Environment

News

World Bank: avoiding deforestation but violating rights?

2 July 2007

versión en español

Alarm bells are being rung about ‘avoided deforestation’, the World Bank’s latest tool in the fight against climate change, while a Greenpeace report has heavily criticised the Bank’s failure to bring the Democratic Republic of the Congo’s (DRC) logging industry under control.

Deforestation is estimated to account for 20 per cent of global carbon emissions. In June, the Bank got G8 support of $250 million for an investment fund to reward countries such as Indonesia, Brazil and Congo for ‘avoided deforestation’ (AD). Private investors have reserved judgement over the fund: under the Kyoto Protocol, saving existing trees doesn’t qualify as a means of generating emissions credits on the international carbon market.

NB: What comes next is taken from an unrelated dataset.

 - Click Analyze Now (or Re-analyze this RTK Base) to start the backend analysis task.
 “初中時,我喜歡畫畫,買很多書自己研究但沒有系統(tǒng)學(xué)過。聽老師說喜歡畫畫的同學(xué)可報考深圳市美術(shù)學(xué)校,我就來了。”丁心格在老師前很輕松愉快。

A new report by UK-based NGO Forest Peoples Programme (FPP) cautions that the World Bank’s proposed ‘avoided deforestation’ model has been developed without meaningful engagement with southern NGOs, indigenous peoples or southern governments. Despite references to “community forest management”, it may result in the perpetuation of discredited Bank models of forest “development”, such as large-scale plantation forestry (see Update 46). It would also have important implications for forest management, particularly for the livelihoods and cultures of millions of indigenous people and other forest-dependent communities. In exploring World Bank proposals, which include the Global Forest Alliance and the Forest Carbon Partnership Facility, FPP fears that rapid expansion of AD schemes risks:

  • support for forest conservation models which lead to evictions and expropriation;
  • unjust targeting of indigenous and marginal peoples as the drivers of deforestation;
  • violations of customary land and territorial rights; and
  • increasing inequality and potential conflict between recipients and non-recipients of AD funds.

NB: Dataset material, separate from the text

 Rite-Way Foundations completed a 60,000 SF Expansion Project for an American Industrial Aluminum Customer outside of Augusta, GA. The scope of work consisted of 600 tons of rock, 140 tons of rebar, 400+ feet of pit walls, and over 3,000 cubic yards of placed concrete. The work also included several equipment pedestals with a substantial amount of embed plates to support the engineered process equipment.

Greenpeace released a report in April, Carving up the Congo, which documents the social and environmental damage wrought by international logging companies in the DRC. Greenpeace criticised the failing efforts of the World Bank to bring the country’s logging industry under control “while the rainforest is being sold off under the illusion that logging alleviates poverty”. The report calls on the Bank to urgently act to stop the expansion of the logging industry in the country, and for the cancellation of logging titles issued since May 2002 which were signed in spite of a national moratorium on new concessions.

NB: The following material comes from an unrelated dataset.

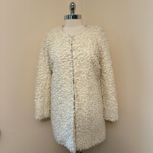 Pretty amazing Italian designer white coat that looks like a sheep's fleece. It is like a large scale boucle. White quilted lining. Has 3 silver metal hook closures down front. Great piece!

Some of the key issues presented in the report include: negligible payments, such as bags of salt and beer, made to community leaders in return for lucrative logging rights worth hundreds of thousands of dollars; the destruction of habitats critical to the survival of the Congo’s indigenous forest communities; rampant corruption in the issuance of logging contracts; and the tremendous release of greenhouse gases caused by deforestation.

The Bank is the Congo’s most influential donor, encouraging investment in the country’s natural resources, and since 2001 has lent more than $2 billion to the country.

At the Bank’s spring meetings in April, Greenpeace was joined by NGOs Rights and Accountability in Development (RAID) and Rainforest Foundation in revealing that mining and logging in the DRC are out of control, with devastating consequences for local communities and the environment. An international appeal, signed by over 100 organisations, was delivered to the World Bank demanding the renegotiation of mining contracts in the DRC (see Update 54). NGOs urged the Bank to ensure that its advice and lending do not facilitate private plunder of the country’s resources.